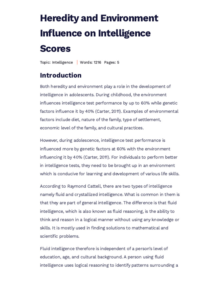 Heredity and Environment Influence On Intelligence Scores - Free Essay ...
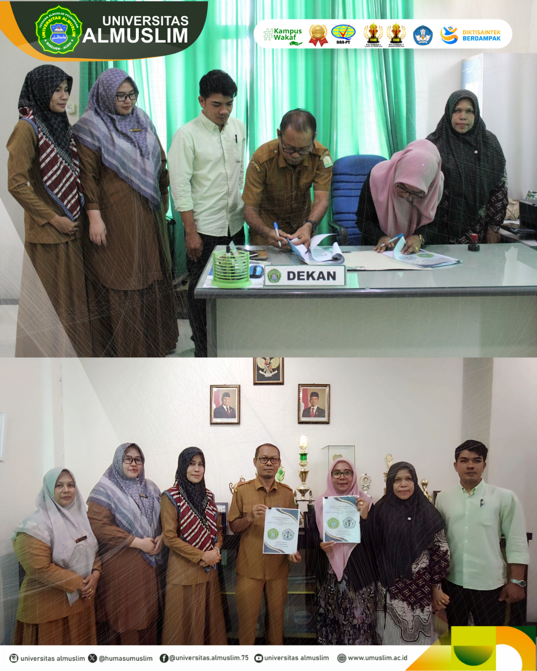 Bireuen, 27 Mei 2025 — Fakultas Pertanian Universitas Almuslim Bireuen, yang dipimpin oleh Dr. Elfiana, SP, M.Si, telah menandatangani Memorandum of Agreement (MoA) dengan Kepala SMK Negeri 1 Jeunib, Feri Irawan, S.Si, M.Pd. Penandatanganan dilakukan di ruang kerja Dekan Fakultas Pertanian dan merupakan bagian dari upaya kolaborasi strategis dalam rangka meningkatkan mutu pendidikan dan pengembangan sumber daya manusia di wilayah Kabupaten Bireuen.
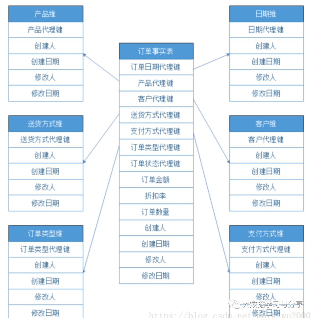 事实表存储了从业务活动或事件提炼出来的性能度量,它主要包含维度表的外键和连续变化的可加性数值或半可加事实。事实表产生于业务过程中而不是业务过程的描述性信息。它一般是行多列少,占了数据仓库的90%的空间。在维度模型中也有表示多对多关系的事实,其他都是维度表。
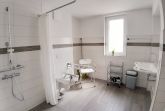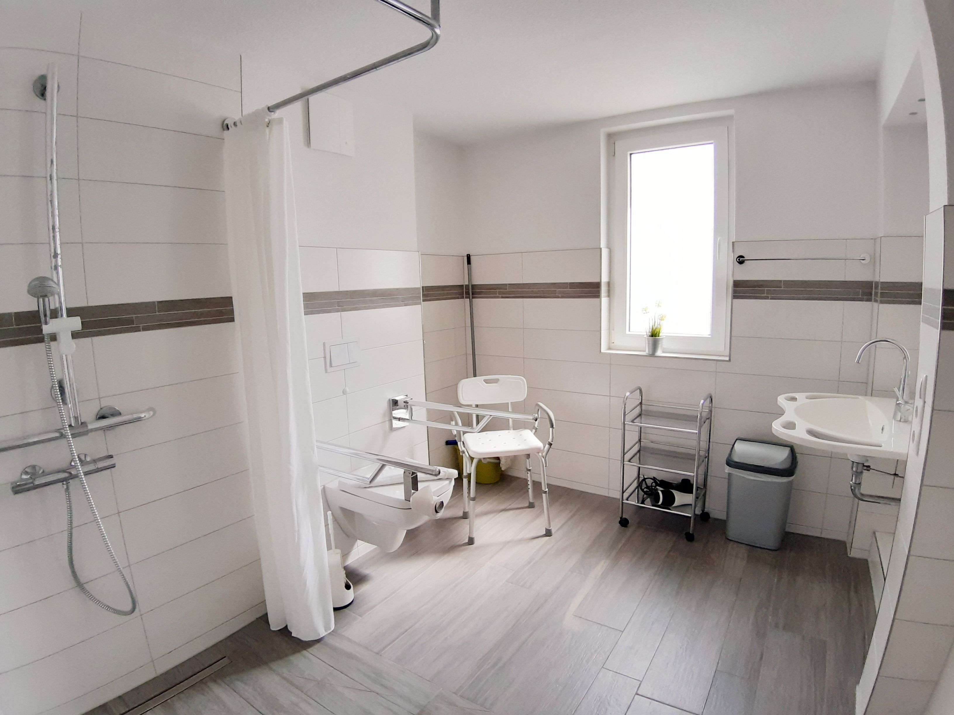 Es sind zwei Bäder vorhanden. Ein Gäste-WC und ein Bad mit barrierefreier Dusche, einem unterfahrbaren Waschbecken mit Haltegriffen sowie HEWI-Haltegriffen an der Toilette.
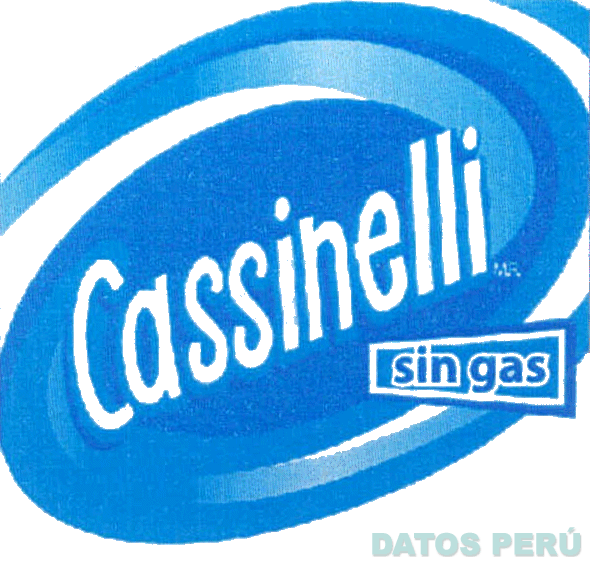 La etiqueta conteniendo la denominación CASSINELLI escrita en letras características y la frase SIN GAS escrita en letras características dentro de un recuadro y la representación estilizada de trazos circulares, todo en los colores blanco, azul y celeste; conforme al modelo adjunto
┄┄┄┄┄┄
Directions: Take the lines above from the top of the records through the one with "Es sind zwei" and repeat them exactly, without any pictures.

Result:
 Heredity and Environment Influence On Intelligence Scores - Free Essay ...
 Bireuen, 27 Mei 2025 — Fakultas Pertanian Universitas Almuslim Bireuen, yang dipimpin oleh Dr. Elfiana, SP, M.Si, telah menandatangani Memorandum of Agreement (MoA) dengan Kepala SMK Negeri 1 Jeunib, Feri Irawan, S.Si, M.Pd. Penandatanganan dilakukan di ruang kerja Dekan Fakultas Pertanian dan merupakan bagian dari upaya kolaborasi strategis dalam rangka meningkatkan mutu pendidikan dan pengembangan sumber daya manusia di wilayah Kabupaten Bireuen.
 事实表存储了从业务活动或事件提炼出来的性能度量,它主要包含维度表的外键和连续变化的可加性数值或半可加事实。事实表产生于业务过程中而不是业务过程的描述性信息。它一般是行多列少,占了数据仓库的90%的空间。在维度模型中也有表示多对多关系的事实,其他都是维度表。
 Es sind zwei Bäder vorhanden. Ein Gäste-WC und ein Bad mit barrierefreier Dusche, einem unterfahrbaren Waschbecken mit Haltegriffen sowie HEWI-Haltegriffen an der Toilette.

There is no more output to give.